Work to be completed: Please write out every line of the listing without alteration, but omit the images.

Collected material:

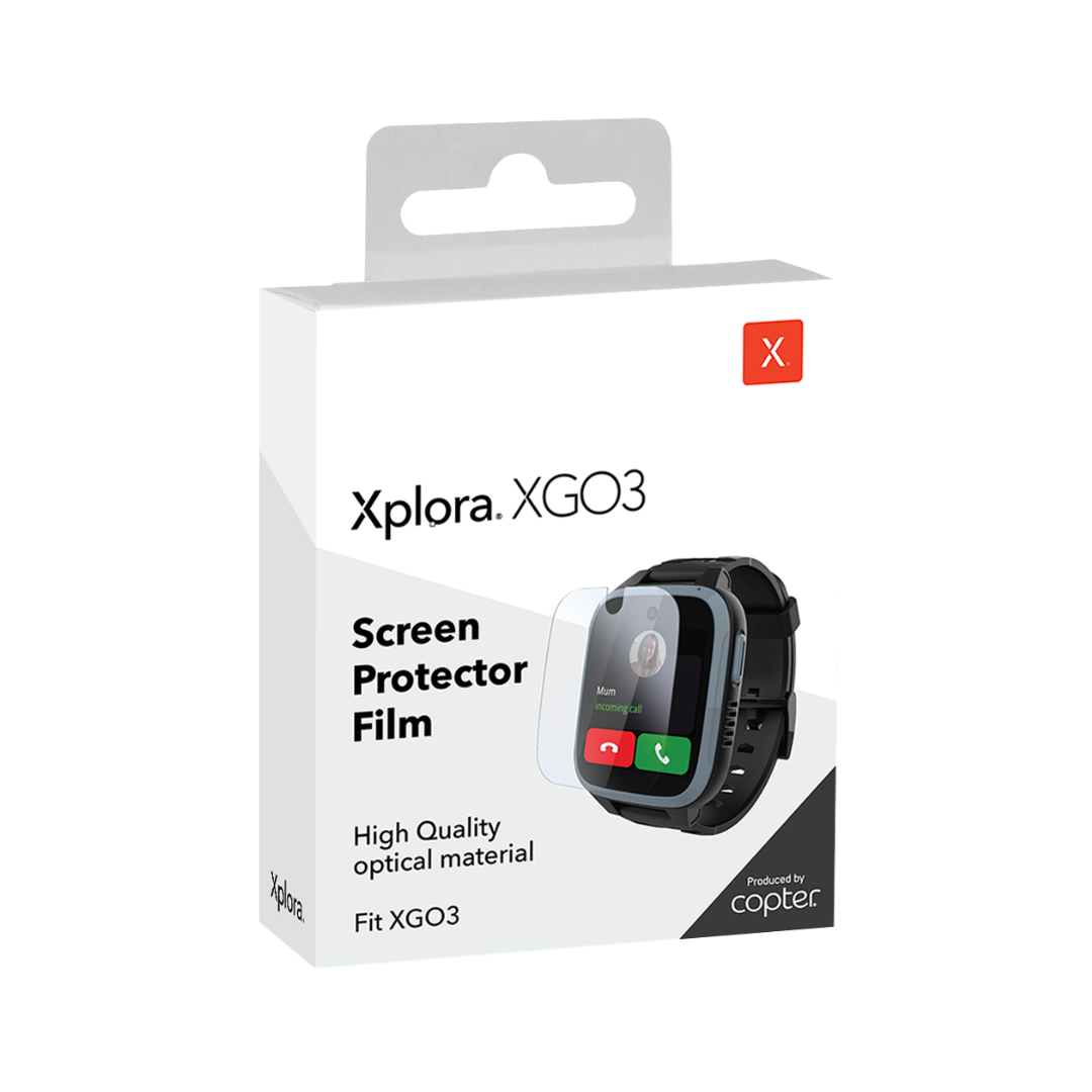 Ett genomskinligt skärmskydd till Xplora XGO3 som gör mobilklockan mer tålig så att den håller längre.
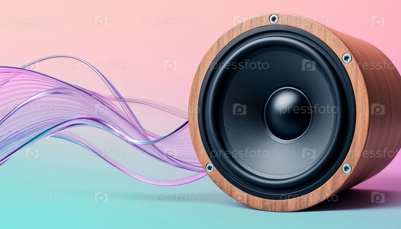 Музыкальный фон, покрывающийся динамиком и прозрачными звуковыми волнами в пастельных тонах
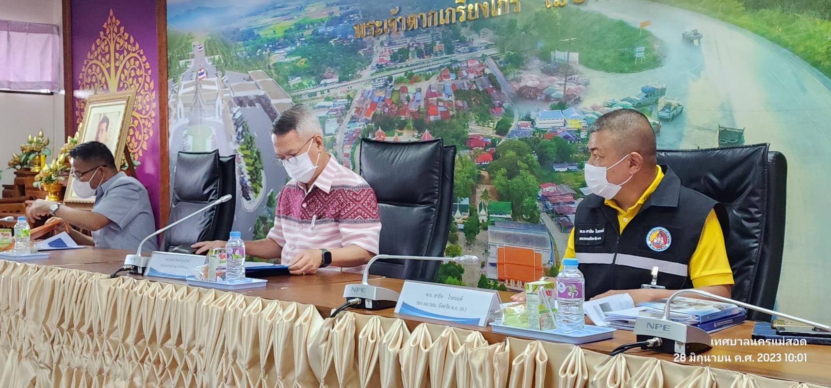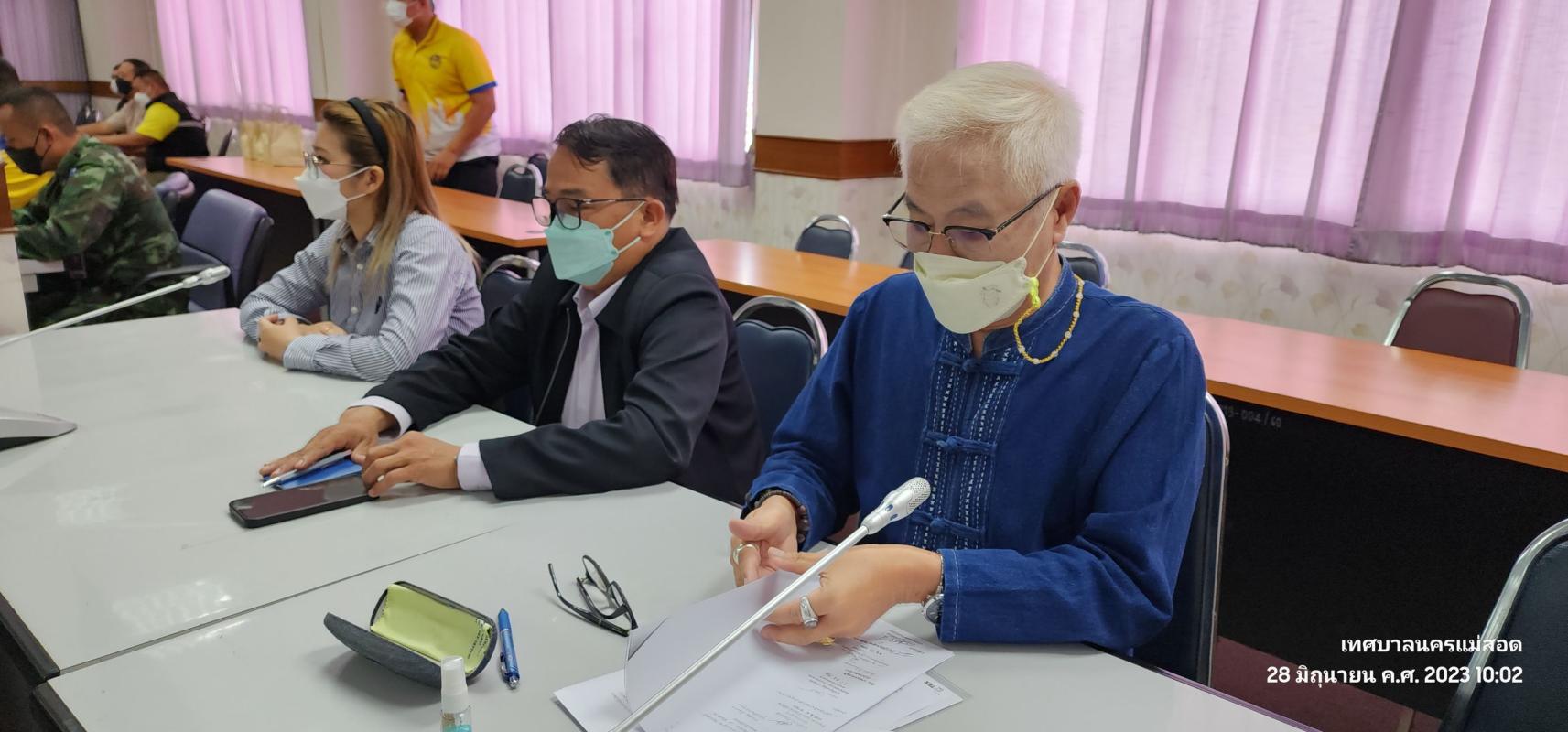 ว่าที่ร้อยตรีประเสริฐ ปวงละคร นายกเทศมนตรีนครแม่สอด พร้อมด้วยนายกรกฤตย์ กรัณยพัฒนพงศ์ เลขานุการนายกเทศมนตรี และนายสมเกียรติ สุริยา ที่ปรึกษานายกเทศมนตรี เข้าร่วมประชุมคณะกรรมการอำนวยการรักษาความมั่นคงภายในจังหวัดตาก ครั้งที่ 1/2566

Your response:
 Ett genomskinligt skärmskydd till Xplora XGO3 som gör mobilklockan mer tålig så att den håller längre.
 Музыкальный фон, покрывающийся динамиком и прозрачными звуковыми волнами в пастельных тонах
 ว่าที่ร้อยตรีประเสริฐ ปวงละคร นายกเทศมนตรีนครแม่สอด พร้อมด้วยนายกรกฤตย์ กรัณยพัฒนพงศ์ เลขานุการนายกเทศมนตรี และนายสมเกียรติ สุริยา ที่ปรึกษานายกเทศมนตรี เข้าร่วมประชุมคณะกรรมการอำนวยการรักษาความมั่นคงภายในจังหวัดตาก ครั้งที่ 1/2566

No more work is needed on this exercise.